Without summarizing the following decision, I am simply going to quote stated facts regarding the condition of Complex Regional Pain Syndrome (“CRPS”) and Systemic CRPS, together with excepts from the medical experts that have commented on these conditions and the Court’s comments as it relates to the medical evidence.
As a note: CRPS is sometimes referred to as “Chronic Regional Pain Syndrome” which is a common error. The correct name of the syndrome is “Complex Regional Pain Syndrome”.
CRPS is a rare disorder, and this is a great case that provides insight on both Complex Regional Pain Syndrome and Systemic CRPS.
This action is a request by the Petitioner Houston for a Judicial Review from a WCAT ruling dealing with the issue of CRPS and Systemic CRPS. The Petitioner was successful in this Judicial Review.
Houston v.
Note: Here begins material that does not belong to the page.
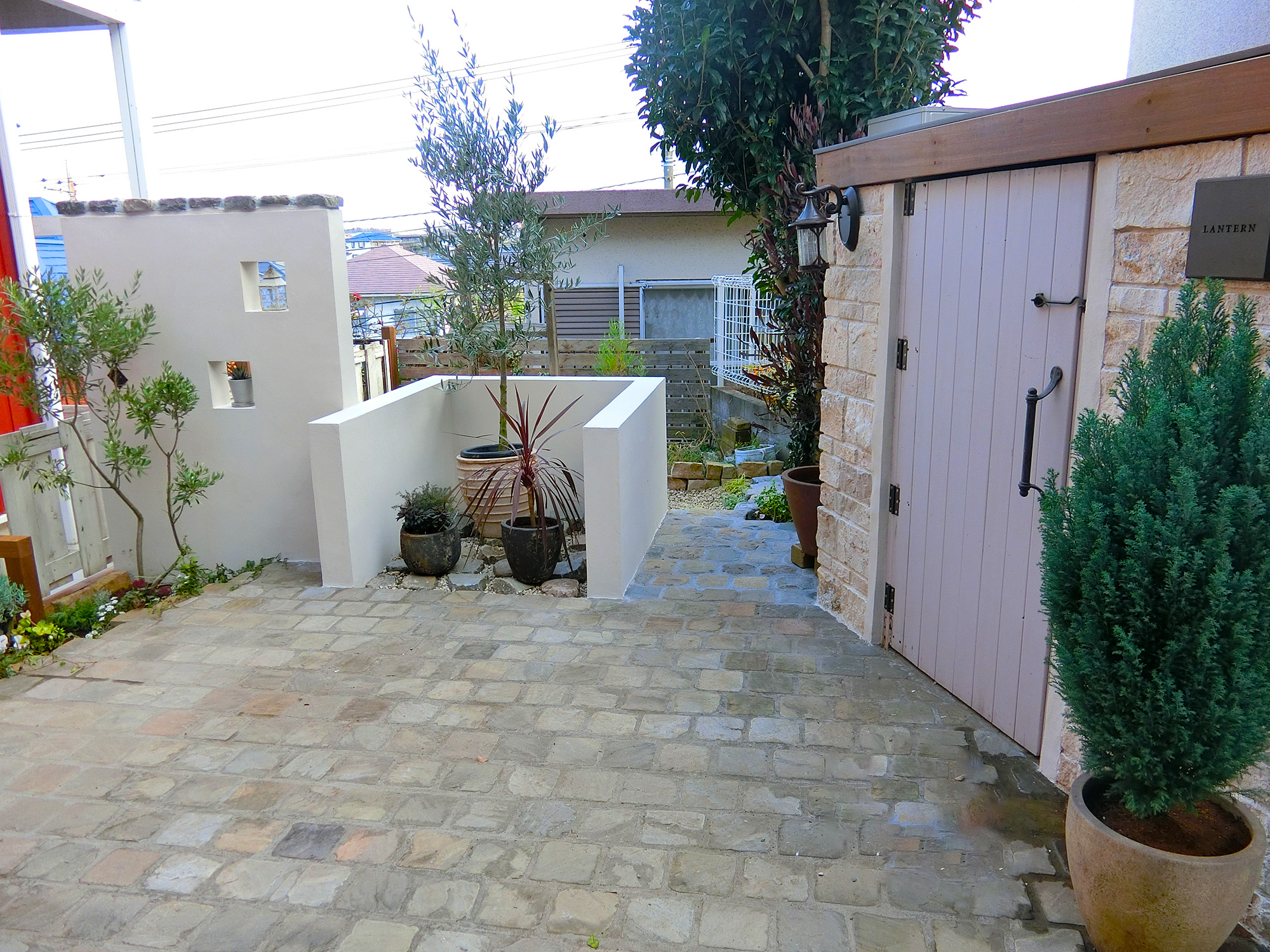 明るい塀と石畳の床、お気に入りの植物に囲まれたおしゃれなお庭「プライベート空間」へ

British Columbia (Workers’ Compensation Appeal Tribunal), 2015 BCSC 2447 (CanLII)
Complex Regional Pain Syndrome & Systemic CRPS
A minor injury can result in Comples Regional Pain Syndrome. When the symptoms spread to other parts of the body it is known as “Systemic CRPS”
 Ms. Houston sustained a soft tissue injury to her left shoulder in 1999 while moving boxes in the course of her employment with BC Hydro. At that time, she was employed as an electrician. Subsequently, she developed CRPS in the region of her left shoulder girdle.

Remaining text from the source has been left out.